Roma children suffer various forms of segregation in education. The 
share of those attending classes in which all or most learners are Roma 
ranges from 29% in Romania to about 60% in Bulgaria, Hungary and 
Slovakia. In Bulgaria, 27% of Roma children attended schools where 
all their classmates were Roma, according to the Second Survey on 
Minorities in Europe (FRA, 2016). In Hungary, segregation has increased: 
the proportion of basic schools with a Roma population of at least 
50% rose from 10% in 2008 to 15% in 2017 (European Commission, 
2019b). Roma children were also segregated on separate floors or in 
separate classes (Albert et al., 2015).
Roma children are disproportionally diagnosed with intellectual 
disabilities and placed in special schools, as in Hungary (Van den 
Bogaert, 2018) and Slovakia (Amnesty International and European Roma 
Rights Centre, 2017). A Council of Europe position paper on fighting 
school segregation through inclusive education drew attention to new 
forms of discrimination, such as Roma-only private schools (Council 
of Europe, 2017). In 2013, European Council recommendations on 
integration measures obliged EU member states to end ‘inappropriate 
placement’ of Roma students in special schools (European Council, 
2013, Para. 1.3). Nevertheless, in 2016, 16% of Roma aged 6 to 15 in the 
Czech Republic and 18% in Slovakia attended special schools (FRA, 2016).

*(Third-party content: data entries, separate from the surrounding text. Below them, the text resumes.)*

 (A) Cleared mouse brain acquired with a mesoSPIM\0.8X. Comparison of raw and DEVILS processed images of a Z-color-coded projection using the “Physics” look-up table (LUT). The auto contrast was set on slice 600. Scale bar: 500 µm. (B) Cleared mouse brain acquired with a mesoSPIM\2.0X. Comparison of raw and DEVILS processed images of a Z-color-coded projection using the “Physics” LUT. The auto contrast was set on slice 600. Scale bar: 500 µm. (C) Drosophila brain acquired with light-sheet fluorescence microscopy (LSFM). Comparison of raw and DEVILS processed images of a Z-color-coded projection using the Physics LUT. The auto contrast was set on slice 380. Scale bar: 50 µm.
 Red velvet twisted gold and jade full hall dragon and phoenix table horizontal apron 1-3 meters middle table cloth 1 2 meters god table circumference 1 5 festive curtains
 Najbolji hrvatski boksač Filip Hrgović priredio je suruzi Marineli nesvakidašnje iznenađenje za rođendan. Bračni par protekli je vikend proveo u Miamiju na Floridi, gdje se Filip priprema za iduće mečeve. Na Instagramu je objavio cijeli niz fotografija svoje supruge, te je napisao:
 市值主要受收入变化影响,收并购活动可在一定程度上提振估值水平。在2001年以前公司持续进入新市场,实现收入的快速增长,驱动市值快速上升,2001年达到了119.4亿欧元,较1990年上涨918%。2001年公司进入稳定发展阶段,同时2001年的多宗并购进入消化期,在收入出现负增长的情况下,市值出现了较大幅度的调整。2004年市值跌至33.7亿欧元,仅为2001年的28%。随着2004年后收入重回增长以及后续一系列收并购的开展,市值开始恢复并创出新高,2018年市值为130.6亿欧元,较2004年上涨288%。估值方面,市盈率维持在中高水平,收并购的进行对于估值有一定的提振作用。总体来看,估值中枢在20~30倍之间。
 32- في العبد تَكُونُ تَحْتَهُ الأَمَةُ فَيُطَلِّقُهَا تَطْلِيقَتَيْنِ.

In line with its 2000 Racial Equality Directive, which prohibited 
discrimination in education on racial and ethnic grounds, the European 
Union started infringement procedures against the Czech Republic (2015), 
Slovakia (2015) and Hungary (2016), telling them to end discrimination 
against Roma children in education and ensure equal access to high-
quality education (European Commission, 2016). A letter of formal 
notice was sent to Slovakia in 2015, and the European Commission 
concluded in October 2019 that measures taken had been insufficient 
to redress the situation and warned the country that if it did not take 
further action by the end of 2019, the matter could be referred to the 
European Court of Justice (European Commission, 2019c).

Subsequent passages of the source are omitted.